Sanford’s surgical safety scores are even more concerning.  Sanford again scored well below the state average in use of antibiotics before surgery, use of the correct antibiotics, removal of the catheter after surgery, steps to prevent blood clots, the rate of urinary tract infections during ICU stays, and surgical site infections after colon surgery.

Sanford’s score in physicians specially trained to care for ICU patients is 6 times lower than the state average.  Sanford declined to report other measures relating to nurse staffing and care, as well as use of standard safety procedures.

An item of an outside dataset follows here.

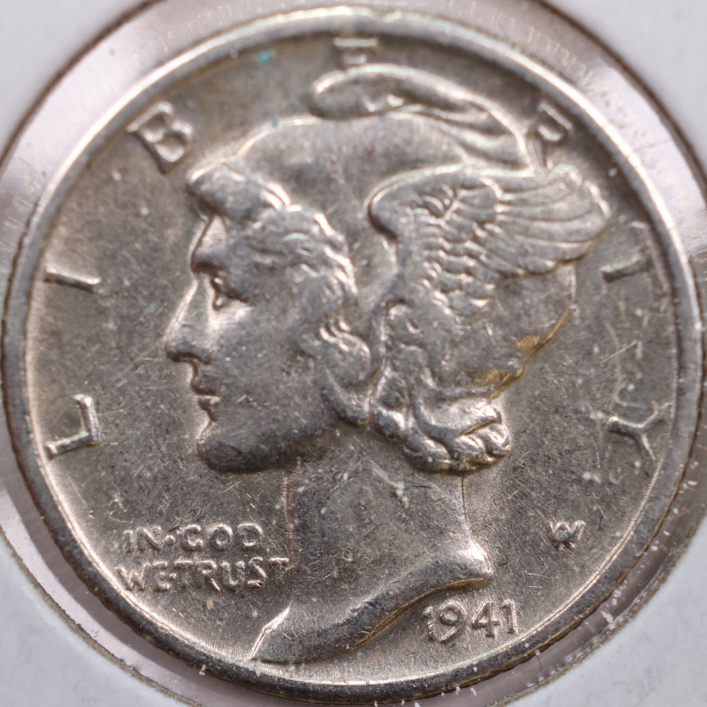1941-D Mercury Silver Dime, Very Fine+ Circulated Coin, Store #DE0216

Sanford-Bemidji Medical Center is below state averages in all areas of consumer assessments.  This includes whether a patient would recommend the hospital, whether staff gave patients information, whether the room was clean and quiet at night, whether pain was well controlled, whether staff explained procedures, whether they understood their care when they left their hospital, and whether doctors and nurses communicated well.  Notably, Sanford scored 23% lower than the state average on whether “patients always received help as soon as they wanted.”  These assessment scores indicate poor nurse staffing.

Consumer reports rates Sanford 33 out of 42 ranked hospitals in the state, and gives Sanford a 52 out of a possible 100 for its safety score. CR rates the hospital’s infection avoidance as “worst.”  Consumer reports also gives the hospital below average scores for communication regarding hospital discharge and the worst score for communication about drug information.  Both scores can be attributable to improper nurse staffing.

Unlike 140 other Minnesota hospitals, Sanford Bemidji declined to report its quality data to the non-profit Minnesota Community Measurement.

     2.  United Hospital of St. Paul

In 2014, United Hospital nurses reported 271 incidences of unsafe staffing with the potential to harm patient care.  This may be a factor in the 13 preventable adverse events suffered by United patients in the past year, 6 of which led to serious disability.

United Hospital grades out at a “B” for patient safety and quality, according to the Leapfrog Group.  United is well below the national average in measures of care including serious breathing problems, death from treatable complications, use of antibiotics before surgery, blood or urinary infections during ICU stays, and dangerous objects left in a patient’s body.  United declined to report data which measures appropriate staffing.

Patients at United report that they received help when needed at a rate lower than the state average, a typical function of sub-optimal nurse staffing.  United also scored lower than state and national averages in indicators such as nurse and physician communication, pain management, appropriate explanation of medications, cleanliness of rooms and bathrooms, quiet zones at night, and overall hospital score.

United Hospital ranked 28 out of 42 hospitals in Consumer Report’s MN hospital rankings.  It received a 55 out of 100 for a safety score, and scored poorly in avoiding infections, avoiding death, and communication about hospital discharge.  All are issues which can be attributable to improper nurse staffing.

The Necessary Response is Clear

Because Minnesota’s hospitals are becoming less safe, because they refuse to cooperate with the legislature, the Minnesota Department of Health and the law, because they are cutting corners with nurse staffing, and because the quality of care they provide is getting worse, we need to enact a solution to the problem: a safe staffing law.  Such a law would limit the number of patients a nurse can care for at one time, ensuring that each patient receives the nursing care she needs and deserves.  As the evidence indicates, and as the hospitals evidently don’t want you to know, this will result in better quality care, better patient outcomes, lowered patient mortality, and fewer never events.  In the long run, a limit on the number of patients a nurse can care for at one time will even save hospitals money; there will be lower readmission penalties and less non-reimbursed care for hospital-acquired infections.  A safe staffing bill isn’t just the right thing to do—it’s the smart thing to do.